SiCp/Al composites have been widely used in many fields due to their excellent mechanical properties. However, the addition of reinforced phase SiC particles makes the overall properties of the composites hard and brittle, which brings great challenges to milling. Ultrasonic vibration-assisted processing technology has great advantages in processing hard and brittle materials. However, the process of rupture of SiC particles cannot be effectively observed during the test processing, and a large number of tests increase the cost of the test. The combination of finite element analysis and experiment was used to study the machining performance of High-volume fraction SiCp/Al composites in longitudinal-torsional ultrasonic-assisted milling (LTUAM), and its feasibility was evaluated by comparing with conventional Milling (CM). By analyzing the trajectories of cutting edges in ultrasonic-assisted milling, It was found that ultrasonic frequency determines the time of periodic contact-separation between chisel edge and workpiece, and ultrasonic amplitude determines the maximum distance of contact-separation. Using ABAQUS finite element software, a polygon SiC particles model with a high-volume fraction was established to investigate the SiC particles crushing process under different ultrasonic-assisted milling conditions. The results showed that high-frequency ultrasonic-assisted milling could soften SiCp/Al composites, and the structural integrity of silicon carbide particles could be better maintained under appropriate ultrasonic amplitudes, reducing the probability of fragmentation. The removal mode was mainly plastic removal or crushing into small particles. The surface roughness value and milling force were reduced, improving the surface quality of the processed composite material. The conclusions of the milling test were basically consistent with the simulation results, which prove the correctness and feasibility of the simulation results.
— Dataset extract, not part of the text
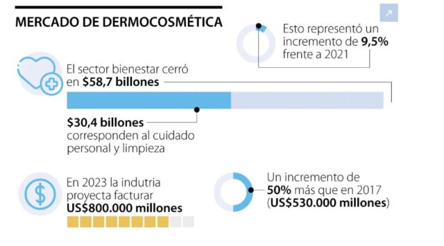 El 2022 fue un buen año para la industria del cuidado personal y bienestar en Colombia. Según un estudio de la Cámara de Cosmética y Aseo de la Asociación Nacional de Empresarios (Andi), el sector cerró con una facturación de 58,7 billones pesos colombianos (u$s 12.832,1 millones). De ellos, $30,4 billones (u$s 6.645,6 millones)correspondieron al cuidado personal y limpieza, cifra que representó un incremento de 9,5% respecto a 2021. Ver La República.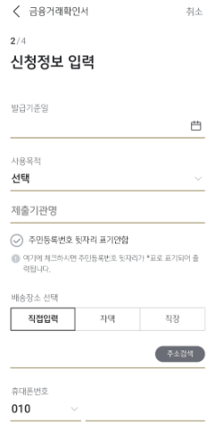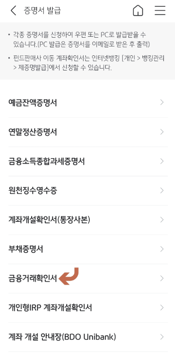 4. 증명서 발급 화면에서 금융거래확인서 메뉴를 터치합니다.

SiCp/Al复合材料由于其优异的力学性能而被广泛应用于许多领域。然而，增强相碳化硅颗粒的加入使复合材料的整体性能变硬变脆，给球磨带来了很大的挑战。超声波振动辅助加工技术在加工硬脆材料方面具有很大的优势。但在试验加工过程中无法有效观察到SiC颗粒的破裂过程，大量试验增加了试验成本。采用有限元分析与实验相结合的方法研究了高体积分数SiCp/Al复合材料在纵向扭转超声辅助铣削（LTUAM）中的加工性能，并通过与常规铣削（CM）的对比评估了其可行性。通过分析超声辅助铣削切削刃的轨迹，发现超声频率决定了横刃与工件之间周期性接触分离的时间，超声振幅决定了接触分离的最大距离。利用ABAQUS有限元软件，建立了高体积分数的多边形SiC颗粒模型，研究了不同超声辅助研磨条件下SiC颗粒的破碎过程。结果表明，高频超声辅助铣削可以软化SiCp/Al复合材料，在适当的超声振幅下可以更好地保持碳化硅颗粒的结构完整性，降低碎裂的可能性。去除方式主要是去除塑料或粉碎成小颗粒。降低了表面粗糙度值和铣削力，提高了加工复合材料的表面质量。铣削试验结论与仿真结果基本一致，证明了仿真结果的正确性和可行性。